Se seguite il blog da un po’, sapete che una delle mie più grandi curiosità è sbirciare nei dietro le quinte di altri creativi. E non importa di cosa si occupano: guardo video e interviste di pittori, illustratori, registi di videoclip, designer, scenografi, fino ad arrivare agli attori.
Mi piace conoscere il loro approccio all’attività, le motivazioni profonde che li spingono a disegnare, suonare, recitare; mi piace trovare un po’ di me stessa nei loro ragionamenti e nel loro sentire e, al tempo stesso, ricordarmi che siamo tutti diversi.
Qualche volta ciò che vedo e ascolto mi piace, ma non sempre. Stavolta ho avuto un vero e proprio colpo di fulmine e voglio condividere con voi i pensieri di Josep Pla-Narbona, artista di Barcellona, raccolti da una persona che lo conosce molto bene: sua figlia, Anna Pla-Narbona.
Il video è in spagnolo, i sottotitoli in inglese. Sotto il video trovate la trascrizione in italiano.
Mi scuso in anticipo per eventuali inesattezze, la traduzione si basa sui sottotitoli in inglese e ho già sentito ad orecchio che non coincidono in modo letterale, ma il senso si coglie tranquillamente. :-)
“Chi sono io? Sono un completo sconosciuto.
Fondamentalmente, sono un disegnatore, questo è sicuro.
Da quando mi ricordo, per scappare dalle mie preoccupazioni, portavo sempre con me uno sketchbook e una matita e continuavo a disegnare.
Il disegno è una finestra da cui liberare le proprie ansie.
E disegnando, si impara a pensare. Perché chiaramente, per poter disegnare qualcosa, devi prima capirlo e per capirlo sei obbligato a pensarci.
Ai tempi in cui avevo questa pazzia di disegnare, disegnare e disegnare, l’economia del Paese andava bene e un sacco di agenzie pubblicitarie si erano avviate; il che dava una possibilità a tutte quelle persone con degli obbiettivi artistici e aspirazioni, come me, di lavorare e disegnare per loro.

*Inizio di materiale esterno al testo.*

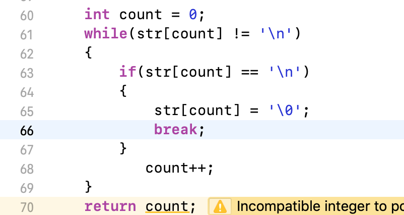 例如一下while循环,当str[count] = ‘n’ 时,还会进入循环,到break;才退出循环

La pubblicità mi era anche utile per andare a fondo dell’animo umano, la parte più profonda della psicologia delle persone. Era l’epoca della psicoanalisi, l’epoca di Freud, Adler, era il tempo in cui le cose che erano state nascoste sotto il tappeto uscivano alla luce.
Ero fortunato ad avere uno stile molto personale, disegnavo a modo mio e questo facilitava le persone a riconoscere il mio lavoro.
Però, allo stesso tempo, i puristi dell’industria pubblicitaria, lo consideravano un difetto. Io la ritenevo una virtù grande e vantaggiosa.
Veramente, sono sempre stato un essere molto molto molto emotivo e i problemi della mia vita privata mi hanno messo profondamente in difficoltà. Per 10 anni sono stato depresso, il che significa che sono stato piuttosto fuori dal giro.
E’ stato mentre attraversavo questo momento intenso della mia vita, che ho deciso di dedicare il mio tempo alla pittura.
Sentivo che dipingere mi dava molta più soddisfazione della pubblicità.
Probabilmente, visto che sono ancora un po’ ingenuo, pensavo che la pubblicità fosse una trappola inadatta a me o a chiunque altro.
Per me, dipingere è una terapia di tranquillità e rilancio della mia coscienza.
In altre parole, la pittura è stata una salvezza psicologica.
Le emozioni sono difficilissime da raffigurare perché non hanno confine. Non hanno mura né soffitto.
Le emozioni sono come le nuvole; una volta che le metti in una scatola sono impossibili.
Le emozioni hanno questo lato negativo, ma è questo che fissa le basi per l’Arte.
Capire me stesso è una delle cose più complesse in cui mi sono imbattuto nella vita.
Quando dipingo e disegno mi riconosco davvero, ma sono solo brevi momenti, minuscoli pezzetti di esistenza.
Una volta che si verificano, praticamente si sciolgono nello spazio.”